Allura gives him a beautiful stinkeye. Lance swoons, and Keith loves her fiercely.

“He’s right behind me, I think.” She turns to look over her shoulder and beckons for someone to come closer. “I want him to meet all of you before Pidge whisks him away.”

“You make me sound so sinister, sometimes.”

“And?”

“Fair enough,” Pidge says with a shrug.

There’s an atmosphere of tension in the room that Keith can’t ever remember feeling there before.

“Everyone,” Allura says, “this is Shiro. Shiro, this is everyone.”

And there, standing next to Allura, is Takashi Shirogane.

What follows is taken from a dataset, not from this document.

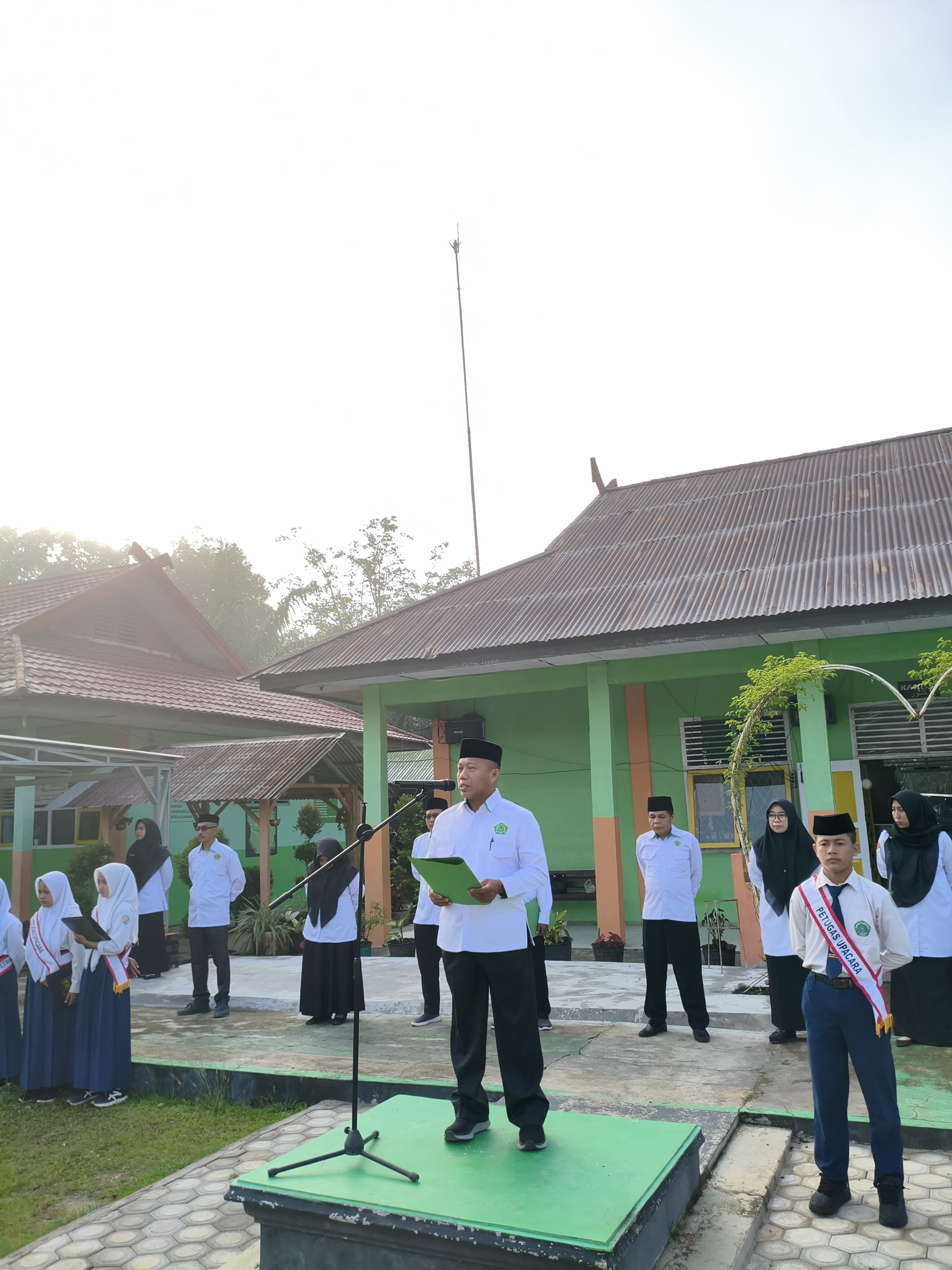 Bertindak sebagai pembina upacara, Plt. Kepala MTsN 3 Batang Hari, Muhammad Zaki, S.Pd.I., menyampaikan amanat yang menekankan pentingnya menanam semangat kebangsaan sejak dini. “Pancasila bukan hanya untuk dihafal, tapi harus menjadi pegangan dalam berpikir, bersikap, dan bertindak di tengah keberagamanâ€. Tegasnya.

Keith feels something stick in his throat. He didn’t think he’d ever see Shiro again. He thought maybe he’d died, or he’d left the planet. So he looks back down at his hands and hopes that there won’t be any actual introductions.

“Let me break down ‘everyone’ for you,” Pidge says to him, because Keith’s lot in life is apparently to suffer.

Keith doesn’t listen as she goes through the room; he knows Pidge well enough to know that she’s going to go from the bottom of the ladder to the top. So he has a couple of minutes to get himself together.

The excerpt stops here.